In most cases where the account has been updated the individual simply changed their Twitter username, sometimes remove “Rep” from it–like RepJoeKennedy to JoeKennedy. As an aside I’m kind of surprised that Twitter username wasn’t taken to be honest. Maybe that’s a perk of having a verified account or of being a politician? But if you look closely you can see there were a few that seemed to have deleted their account altogether:

name url url_ok user_id
Susan A. Davis False 432771620
Bill Flores False 237312687
F. James Sensenbrenner, Jr. False 851621377
Donna E. Shalala False 1060584809095925762
Steve Watkins False 1080307235350241280

There are two notable exceptions to this. The first is Vice President Kamala Harris. My logic for determining if a person was leaving Congress was to see if they served in a term ending on 2021-01-03, and weren’t serving in a term starting then. But Harris is different because her term as a Senator is listed as ending on 2021-01-18. Her old account @senkamalaharris is no longer available, but her Twitter User ID is still active and is now attached to the account at @VP. The other of course is Joe Biden, who stopped being a senator in order to become the President. His Twitter account remains the same at @joebiden.
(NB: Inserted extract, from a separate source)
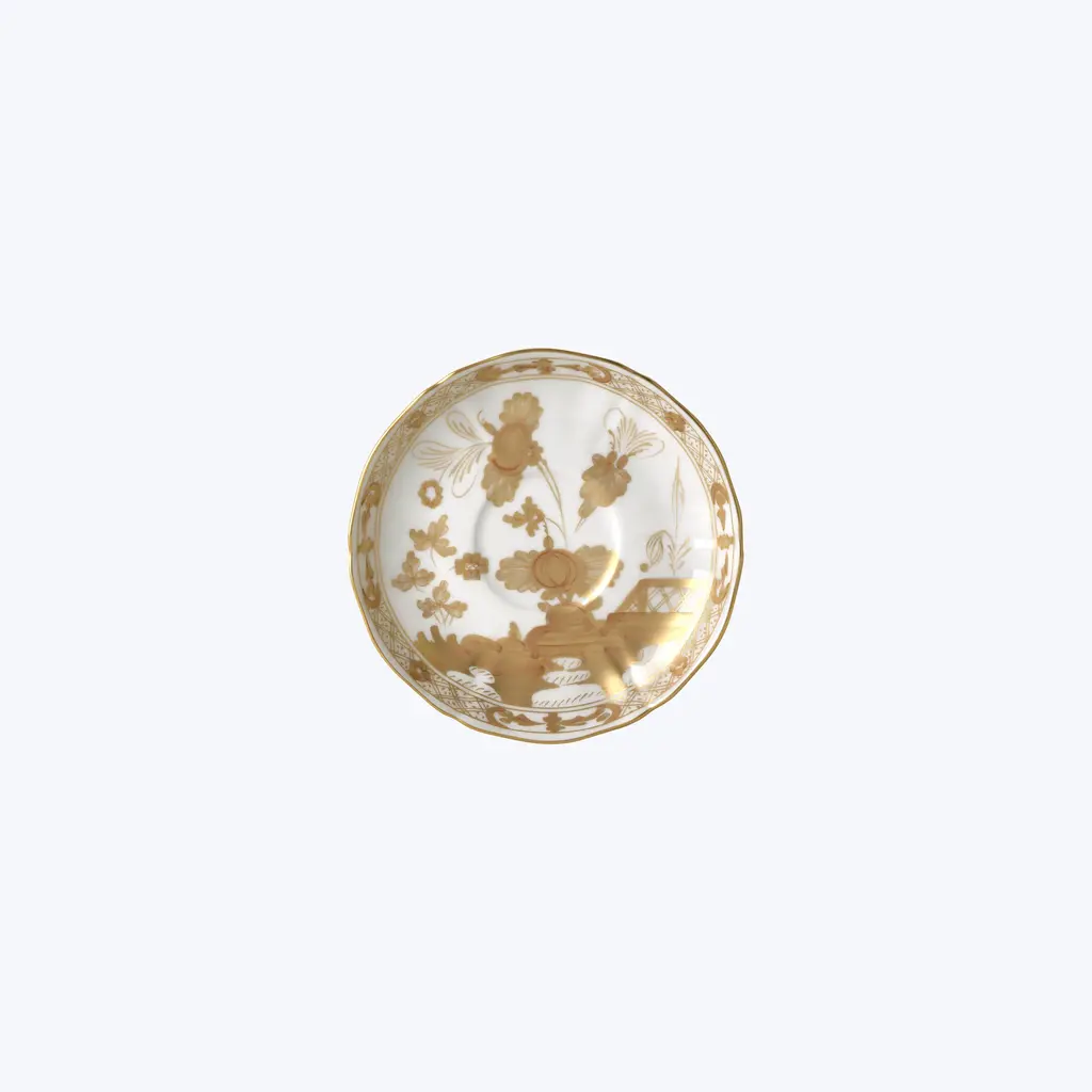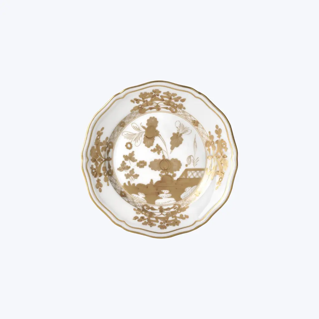 The mastery and technique of Italian craftsmanship and an original and timeless design: the two porcelain plates always make every mise en place sophisticated. The floral ornament in pure gold evokes the delicate Garofano (Carnation), a symbol of passion and artistic dedication, which stands out on the distinctive intense red of the Rubrum color. The service is completed by placeholders, plates, bottoms and bread plates from the Oriente Italiano Gold Collection for refined tables, also in the Aurum version, with pure gold decoration on fine white porcelain, or in combination with the articles of Oriente Italiano, for always unique and original color combinations.

It’s worth highlighting here how there seems to be no uniform approach to handling this process. In one case @senkamalaharris is temporarily blessed as the VP, with a unified account history underneath. In the other there is a separation between @joebiden and @POTUS. It seems like Twitter has some work to do on managing identities, or maybe the Congress needs to prescribe a set of procedures? Or maybe I’m missing part of the picture, and that just as @RepJoeKennedy somehow changed back to @JoeKennedy there is some namespace management going on behind the scenes?

If you are interested in other social media platforms like Facebook, Instagram and YouTube the unitedstates project tracks information for those platforms too. I merged that information into the legislators.yaml file I discussed here if you want to try to check them. I think that one thing this experiment shows is that if the platform allows for usernames to be changed it is critical to track the user id as well. I didn’t do the work to check that those accounts exist. But that’s a project for another day.

I’m not sure this list of five deleted accounts is terribly interesting at the end of all this. Possibly? But on the plus side I did learn how to interact with Git better from Python, which is something I can imagine returning to in the future. It’s not every day that you have to think of the versions of a dataset as an important feature of the data, outside of serving as a backup that can be reverted to if necessary. But of course data changes in time, and if seeing that data over time is useful, then the revision history takes on a new significance. It’s nothing new to see version control systems as critical data provenance technologies, but it felt new to actually use one that way to answer a question. Thanks Mark!